● **Dataset records**
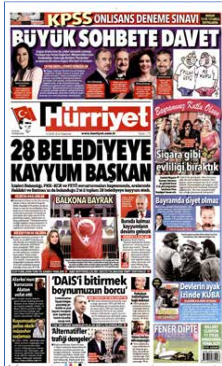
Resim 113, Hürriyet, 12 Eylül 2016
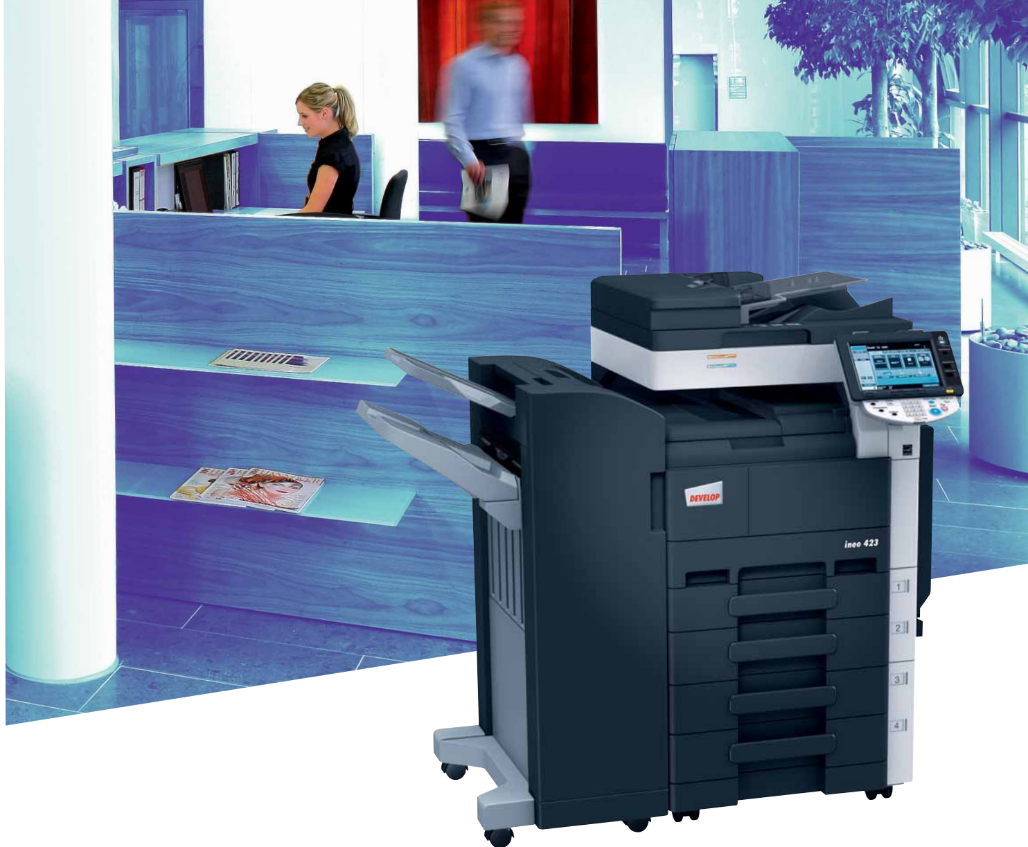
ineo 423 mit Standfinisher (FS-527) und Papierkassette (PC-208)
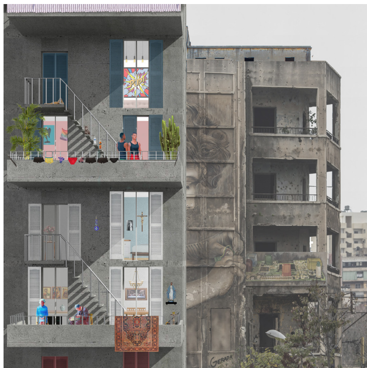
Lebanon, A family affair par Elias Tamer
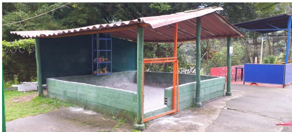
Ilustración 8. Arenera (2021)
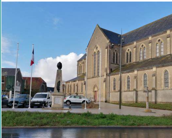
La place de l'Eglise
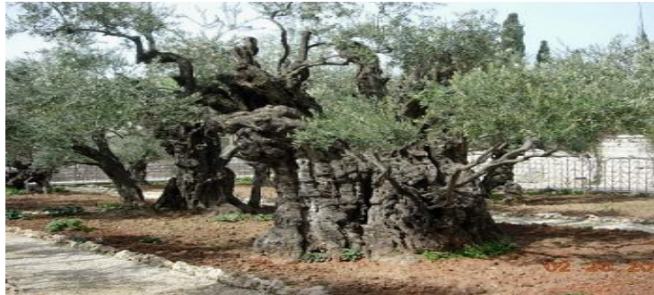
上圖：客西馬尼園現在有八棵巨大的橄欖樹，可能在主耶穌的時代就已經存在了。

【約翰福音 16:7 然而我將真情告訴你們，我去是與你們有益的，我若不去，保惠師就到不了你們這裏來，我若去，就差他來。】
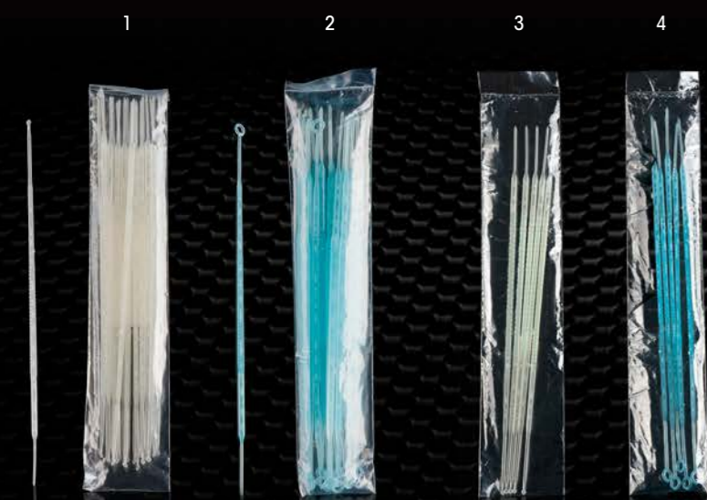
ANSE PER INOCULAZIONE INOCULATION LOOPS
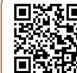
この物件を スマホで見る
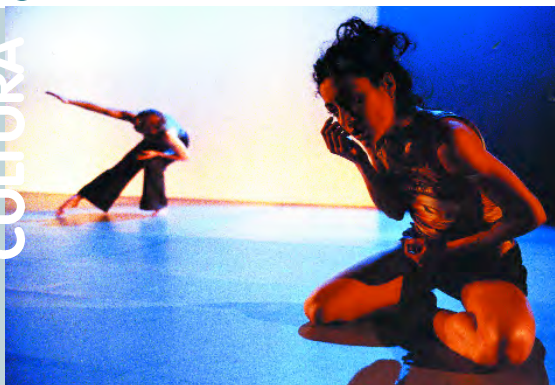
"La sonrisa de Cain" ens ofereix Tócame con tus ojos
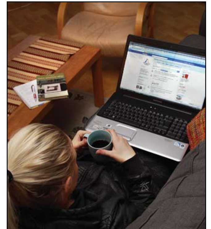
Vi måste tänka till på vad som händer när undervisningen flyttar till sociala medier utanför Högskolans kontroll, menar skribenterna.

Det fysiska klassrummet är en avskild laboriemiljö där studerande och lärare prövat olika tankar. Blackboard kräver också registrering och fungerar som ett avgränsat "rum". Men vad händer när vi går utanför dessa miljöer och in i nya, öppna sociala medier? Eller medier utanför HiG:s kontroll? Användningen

● **Work instructions**
Write out exactly the lines that run from the one containing "con tus ojos" to the last line of the entries above, both ends kept, pictures left out.

● **Solution to the problem**
"La sonrisa de Cain" ens ofereix Tócame con tus ojos
Vi måste tänka till på vad som händer när undervisningen flyttar till sociala medier utanför Högskolans kontroll, menar skribenterna.

Det fysiska klassrummet är en avskild laboriemiljö där studerande och lärare prövat olika tankar. Blackboard kräver också registrering och fungerar som ett avgränsat "rum". Men vad händer när vi går utanför dessa miljöer och in i nya, öppna sociala medier? Eller medier utanför HiG:s kontroll? Användningen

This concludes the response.